A Review of Intelligent Scheduling Methods for Mega Constellation

  

  • Published:2026-01-13

面向巨型星座的网算资源智能调度方法综述

Abstract: As mega-constellations gradually become the core infrastructure of space–air–ground integrated networks, their resource scheduling faces multiple challenges, including high-dimensional constraints, dynamic task allocation, and multi-objective optimization. Intelligent scheduling methods in this field can be broadly classified into three categories: model-driven approaches, heuristic algorithms, and methods based on deep learning and reinforcement learning. Model-driven approaches leverage tools such as mixed-integer programming and graph-theoretical modeling to construct optimization models, describing the constraints and objective functions of resource scheduling through precise mathematical formulations. These methods can provide theoretically optimal solutions in static scenarios but suffer from exponential growth in computational complexity as the problem size increases, making them difficult to apply to large-scale dynamic scheduling. Heuristic algorithms, inspired by bio-inspired mechanisms, can rapidly generate approximate solutions and demonstrate high efficiency and flexibility in handling medium-scale problems. However, the quality of solutions is sensitive to parameter settings, and they generally lack guarantees of global optimality. Deep learning and reinforcement learning methods, driven by data and interactive learning mechanisms, can extract hidden patterns from massive scheduling datasets and continuously optimize decision strategies through agent–environment interaction. These approaches exhibit unique advantages in complex scenarios such as dynamic topologies and unexpected tasks. Nevertheless, they are highly dependent on training data, and the interpretability of their decision processes remains limited. Current research still falls short in areas such as cross-layer collaborative scheduling, robustness optimization, and heterogeneous resource integration. Future efforts should further explore multimodal learning and adaptive decision-making mechanisms, driving mega-constellation resource scheduling toward greater intelligence, efficiency, and reliability, and providing technological support for the large-scale deployment and application of space–air–ground integrated networks.

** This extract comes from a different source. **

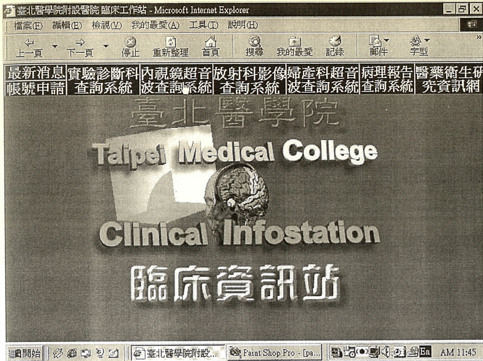
Fig. 2. Web site of the Clinical Infostation.

摘要: 随着巨型星座逐步成为空天地一体化网络的核心基础设施,其资源调度正面临高维约束、动态任务分配与多目标优化等多重挑战。针对这一领域的智能调度方法,可归纳为三类:基于数学模型驱动、基于启发式算法以及基于深度学习与强化学习的方法。其中,数学模型驱动方法借助混合整数规划、图论建模等工具构建优化模型,通过精确的数学推演描述资源调度中的约束条件与目标函数,在静态场景下能够提供理论最优解,但其计算复杂度会随问题规模呈指数级增长,难以应对大规模动态调度需求。启发式算法依托仿生机制快速生成近似解,在处理中等规模问题时展现出较高的效率与灵活性,不过解的质量易受参数设置影响,且缺乏全局最优性保证。深度学习与强化学习方法凭借数据驱动和交互学习机制,能够从海量调度数据中挖掘隐含规律,通过智能体与环境的持续交互优化决策策略,在动态拓扑、突发任务等复杂场景中表现出独特优势,但其对训练数据的依赖性较强,且决策过程的可解释性仍有待提升。当前研究在跨层协同调度、鲁棒性优化、异构资源融合等方面仍存在不足,未来需进一步探索多模态学习与自适应决策机制,推动巨型星座资源调度向智能化、高效化、可靠化方向发展,为空天地一体化网络的大规模部署与应用提供关键技术支撑。